Passa uomo, passa.
E’ la nuova diaspora:
fiumi di persone spinti da fame, disperazione, guerra, carestia, sottosviluppo,
ma anche voglia di vivere una vita onesta e dignitosa. Percorrono chilometri
con ogni mezzo accompagnati solo dal loro sogno di benessere. Avranno in mente
una meta? Da dove avranno raccolto immagini o racconti di vita, della nostra,
nei cosiddetti paesi civilizzati e industriosi – chiamarli industrializzati mi
sembra ancora tanto un eufemismo -.
Si gettano, con poche
cose, spesso con le sole che riescono a indossare, tra le braccia del
destino. Sanno fare tutto e niente e non sanno cosa sia veramente la vita qui
in occidente. Hanno nel cuore una capanna, la savana e tanti animali che
nemmeno sappiamo noi come si chiamano liberi in un panorama che noi chiamiamo sogno. Hanno nelle orecchie ancora la voce del
dittatore che richiama all’ordine, all’obbedienza e minaccia chi protesta od osa
opporsi.
Loro non sanno che qui
la democrazia non è in mano al popolo; non sanno cosa sia votare con libera
coscienza; non sanno né di liste né di primarie, né tantomeno di leadership di
partito. Loro pensano ancora che a governare ci siano dei grandi uomini saggi
che come capi tribù decidono le sorti, i matrimoni, i confini.
Certo i confini: qui
sono aperti, se non c’è il filo spinato o l’esercito con i suoi potenti mezzi a
sorvegliare ,ma che spara a vista se non stai in fila. Altri però, invisibili se
non al radar, sono pattugliati da gente come loro, povera ma gentile, che da
una mano a traghettare su un mezzo meno instabile di un gommone. Gommoni:
sovraccarichi di merce umana si stracciano o si rovesciano al minimo movimento e
se il mare è mosso non avanzano. La scialuppa di Schettino o un relitto del
Titanic pare loro comunque una nave da crociera.
Eppure appena sbarcano
baciano la nostra terra come fosse la Mecca, la meta promessa di un Dio che non
si chiama né Cristo né Allah, né Maometto, ma è presente anche solo per
benedire il viaggio. Loro non sanno che noi a Dio non ci crediamo più, ma
continuiamo ad accendere candele votive o ad andare a messa la domenica.
Vestiti di stracci,
bagnati fradici, affamati e al limite della disidratazione continuano strenui
perché la strada continua, perché ce ne sono tanti altri che camminano dietro, che la loro
terra ormai è deserta ma non per colpa del clima. Avanzano, in fila indiana,
aiutandosi come possono. Non chiedono elemosina, ma come in quadri antichissimi
o nei racconti biblici seguono il loro capitano. Nessuno in verità guida la
ciurma e lo sbando è palese. Sembra che nessuno riesca a fermarli e che nessun
luogo sia abbastanza ospitale o accogliente. Lo sguardo perso, i ricordi appena
lasciati in mano ad aguzzini, tirano a campare per salvare capre e cavoli.

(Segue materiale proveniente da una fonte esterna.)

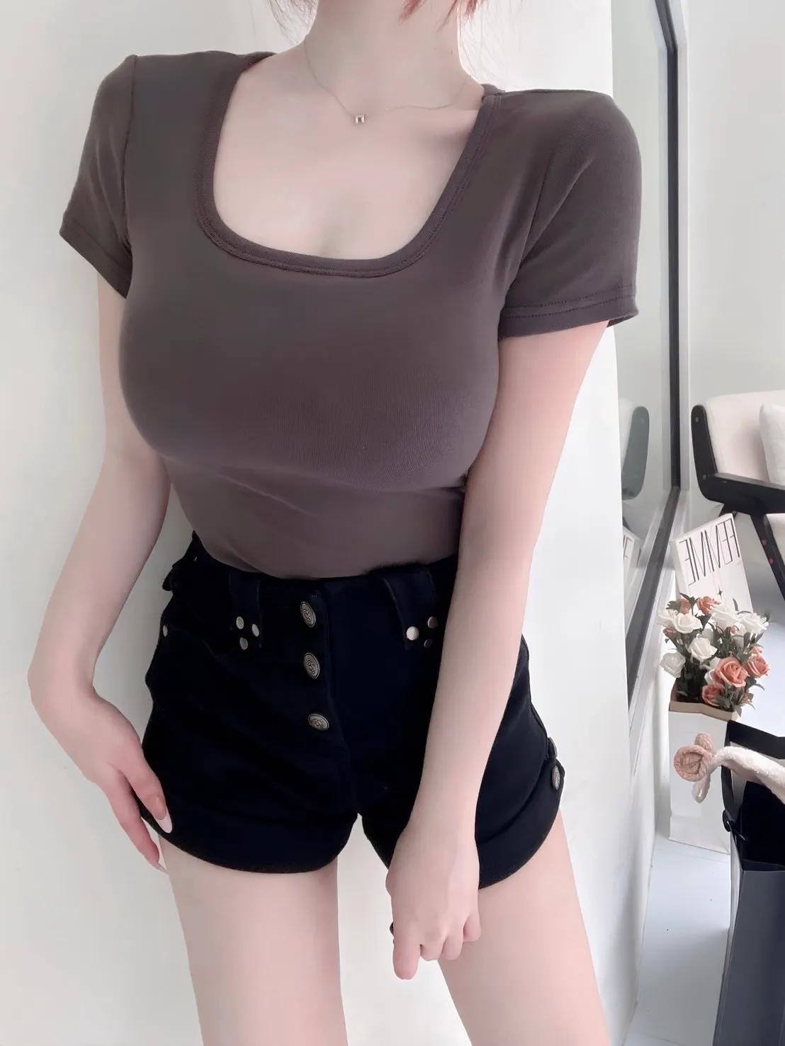 韓系方領內杯素色上衣

Nessuno li trattiene del resto perché qui spesso non ce n’è nemmeno per noi.
Apriamo le nostre porte per moda o perbenismo, per “così fan tutti che è
giusto”… ma se è giusto accogliere, sarebbe stato meglio reagire prima, quando
ancora la loro patria si poteva salvare, quando i nostri interessi potevano
essere meglio regolati o quando, sia pur in regime autoritario, le cose erano
mantenute entro i limiti.
Anche noi vorremmo
ribellarci, prendere le armi o solo i forconi… ma non troviamo i forconi e le
armi le abbiamo vendute, tutte. Non sappiamo alzarci e dire no, per loro, per
noi, per tutta la DEMOCRAZIA che ci hanno insegnato, bella dopo il re, disillusi
ora del grande sogno. Ne paghiamo schiavi lo scotto, ma loro questo non
lo sanno: vedono case belle (abusive), macchine lucide e potenti (rubate o in
leasing) bei vestiti e tutte le diavolerie tecnologiche impensabili (e quanto
costa farle funzionare). Loro però sorridono ai nostri bambini con i loro sono
sempre in braccio o per mano ai genitori.
Guardiamoli passare
allora come figure di un tempo che per noi è perduto e prendiamo esempio dalla
loro umanità, umiltà, volontà. Passa, uomo, passa.